Round two started with Charlie Angus repeating Boulerice’s questions in English (Poilievre: You were cited for attempted gerrymandering), Peggy Nash returned to the ludicrous conspiracy theory that independent Senator Anne Cools was the pawn of the PMO in trying to shut down the PBO (Clement: Page’s term is almost up and we are looking for a replacement), Anne-Marie Day and Chris Charlton returned to the topic of EI inspections (Finley: We want to ensure that those who paid into the system can claim the benefits they’re entitled to), and James Rafferty, Philip Toone and Robert Aubin asked about EI changes affecting the regions (Finley: We want to help people get jobs; Paradis: We are helping the regions). Stéphane Dion listed off former Conservative candidates opposed to the EI changes (Finley: EI is there to help people!), Rodger Cuzner asked about why EI inspections were now random (Finley: We are protecting the integrity of the system), and Joyce Murray asked about the UN Special Rapporteur for Food’s report (Aglukkaq: The envoy was sorely misinformed). Djaouida Sallah and Libby Davies picked up on the same question (Aglukkaq gave the same answer, but to Davies, belittled her plans for a federal sodium registry), and Malcolm Allen and Ruth Ellen Brosseau bemoaned the lack of young farmers in the country (Lemieux: We’re helping farms to thrive!)

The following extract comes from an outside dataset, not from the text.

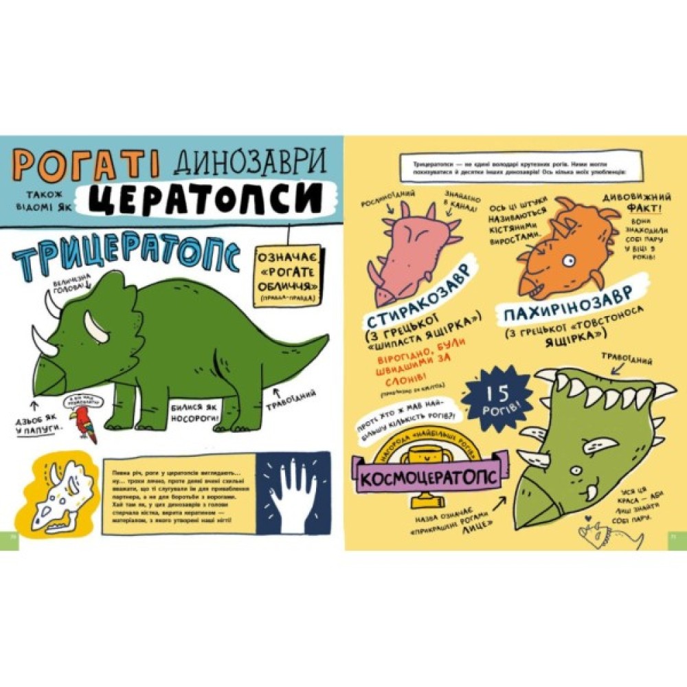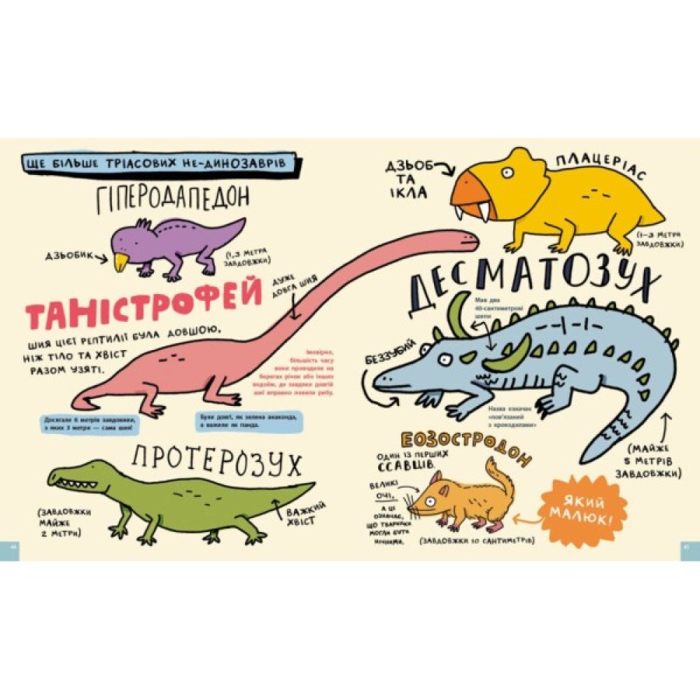 У семи розділах цієї книжки зібрано все найпотрясніше про динозаврів… і не тільки! Оповідь починається задовго до появи гігантських рептилій і не закінчується їх вимиранням. Адже всіляких доісторичних істот було безліч. Несподівані, дивні й давно відомі факти про них тут розказані в стилі коміксів. З яскравими ілюстраціями та ДИНОжартами.

Round three saw questions on veterans’ privacy breaches, counterfeiting agreements, immigration file processing wait times, the deadlines on the Arctic mapping plans, the Kitsilano Coast Guard station closure, the decision to sell off a federal tree-farm in Saskatchewan, changing the mission of the Museum of Civilization, closures at Canada Post, and one last kick at EI reforms.

Sartorially speaking, snaps go out to Jonathan Genest-Jourdain for a dark grey pinstripe suit with a white shirt and a cream tie, and to Megan Leslie for a fitted maroon dress. Style citations go out to Ruth Ellen Brosseau for a mustard sweater with a black-and-white top and black skirt, and to Harold Albrecht for a black suit with a yellow shirt and tie.